■ Exercise objective: Starting with the line that contains "A versatile binding" and ending with the last line of the listing, print each line exactly. Pictures stay out.

─── Material supplied

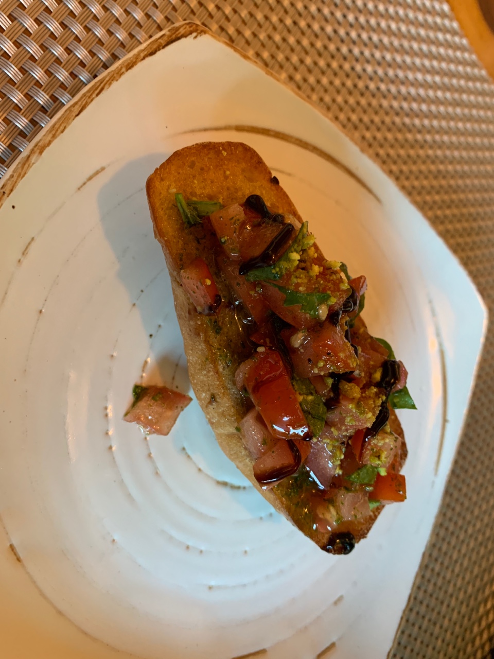 정확히 이름은 기억이 나지 않는데 바게트빵에 토마토마리네이드를 올린 에티타이저!
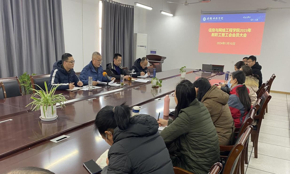 1月10日下午,信息与网络工程学院在尚行楼B418召开2023年教职工暨工会会员大会。学院党政领导以及全体教职工参加了会议,会议由院党委书记王振其主持。
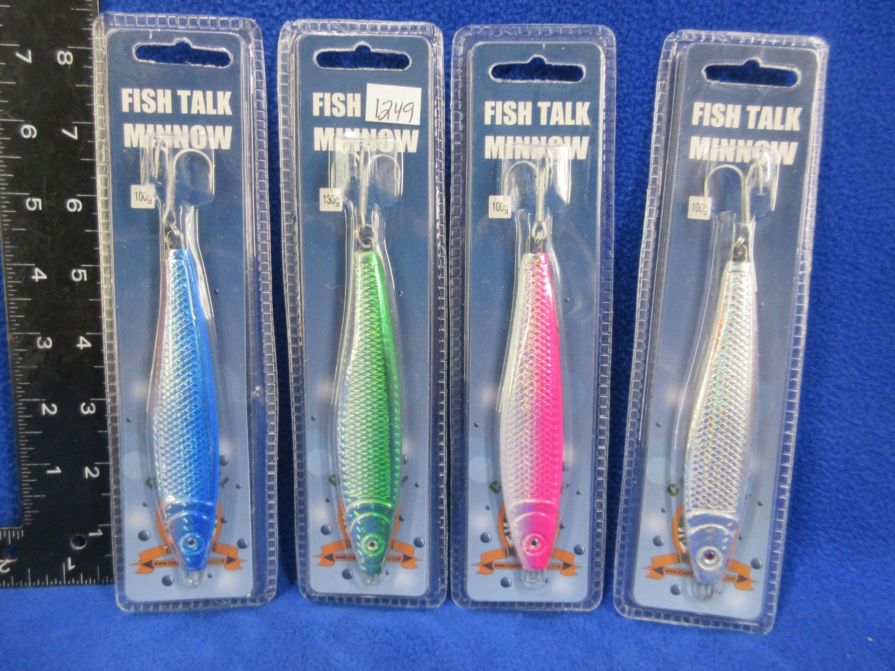 Lot 1249 NEW - 4 Fish Talk Minnow Lures - Assorted Colors, 100g & 130g
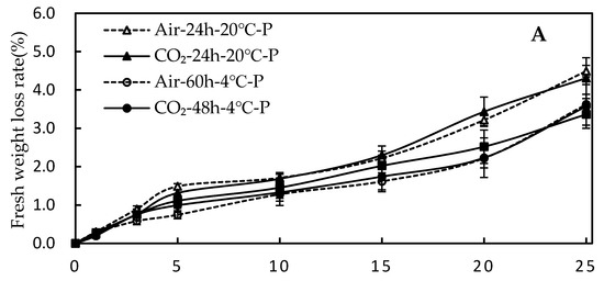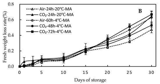 Changes in fresh weight-loss rate of green asparagus treatments with 60% CO2 packaged with MA and P films. (A) Perforated packages (P); (B) 10,000 cc/m2∙day∙atm oxygen transmission rate (OTR)-modified atmosphere packages (MA). All groups were stored at 4 °C until the final day. Values are presented as means ± SE (n = 5).
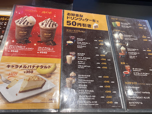 ゴディバ チョコレートエスプレッソフラッペ と McDonald's メニュー 注文の場合は、店舗入口左側 McDonald's注文カウンターへ。 McDonald's メニュー
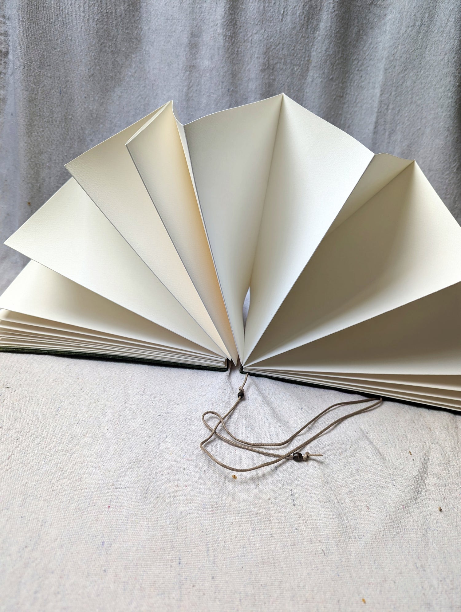 A versatile binding traditionally with a soft cover and a cord, but that can be adapted to a hard- cover, minimalist sewing or adorn with a ribbon rather than a cord. Very adaptable, it is suitable for journals, sketchbooks and photo albums
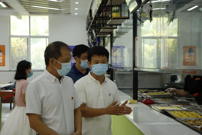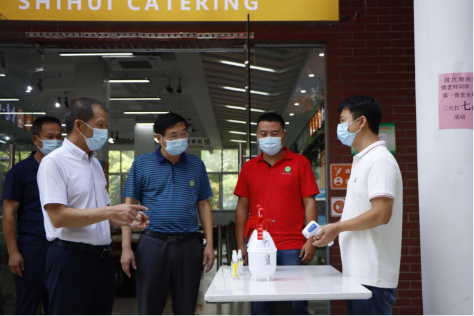 学院本着优质服务、方便师生的原则,国庆期间切实保障好师生员工在校内饮食、住宿、快递、用水、用电、用网等实际生活需求。“目前,学院江南校区有六个食堂,天麟校区有两个食堂,经过全面改造升级,食堂环境优美、菜品种类多,供应充足,同时在国庆期间,所有食堂1日-3日打七折,1日-7日超市26种常用商品打八折,开放图书馆,丰富学生生活。”学院院长刘文开高度重视假期学生在校期间的学习和生活保障,在国庆假期前就带领副院长谢金生、后勤处处长雷泽兴等深入学院食堂、超市,要求学院食堂保证所提供的菜品种类多、分量足、不涨价并保证供餐时间,校内超市做到保质稳价。测体温、酒精消毒杀菌……刘院长体验了食堂疫情防控措施后,仔细检查了食堂、超市防疫和消防安全,切实保障假期全体师生的食品安全和生活学习安全。
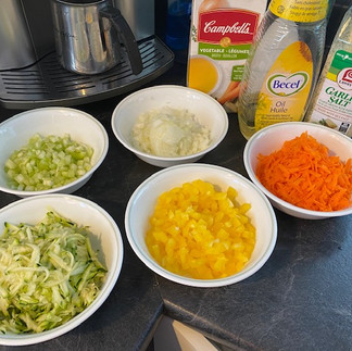 Let sit until veggies are fully cooled down. I usually make this in the morning and they are ready for when I put together the meatloaf for dinner

──────

■ Final answer:
 A versatile binding traditionally with a soft cover and a cord, but that can be adapted to a hard- cover, minimalist sewing or adorn with a ribbon rather than a cord. Very adaptable, it is suitable for journals, sketchbooks and photo albums
 学院本着优质服务、方便师生的原则,国庆期间切实保障好师生员工在校内饮食、住宿、快递、用水、用电、用网等实际生活需求。“目前,学院江南校区有六个食堂,天麟校区有两个食堂,经过全面改造升级,食堂环境优美、菜品种类多,供应充足,同时在国庆期间,所有食堂1日-3日打七折,1日-7日超市26种常用商品打八折,开放图书馆,丰富学生生活。”学院院长刘文开高度重视假期学生在校期间的学习和生活保障,在国庆假期前就带领副院长谢金生、后勤处处长雷泽兴等深入学院食堂、超市,要求学院食堂保证所提供的菜品种类多、分量足、不涨价并保证供餐时间,校内超市做到保质稳价。测体温、酒精消毒杀菌……刘院长体验了食堂疫情防控措施后,仔细检查了食堂、超市防疫和消防安全,切实保障假期全体师生的食品安全和生活学习安全。
 Let sit until veggies are fully cooled down. I usually make this in the morning and they are ready for when I put together the meatloaf for dinner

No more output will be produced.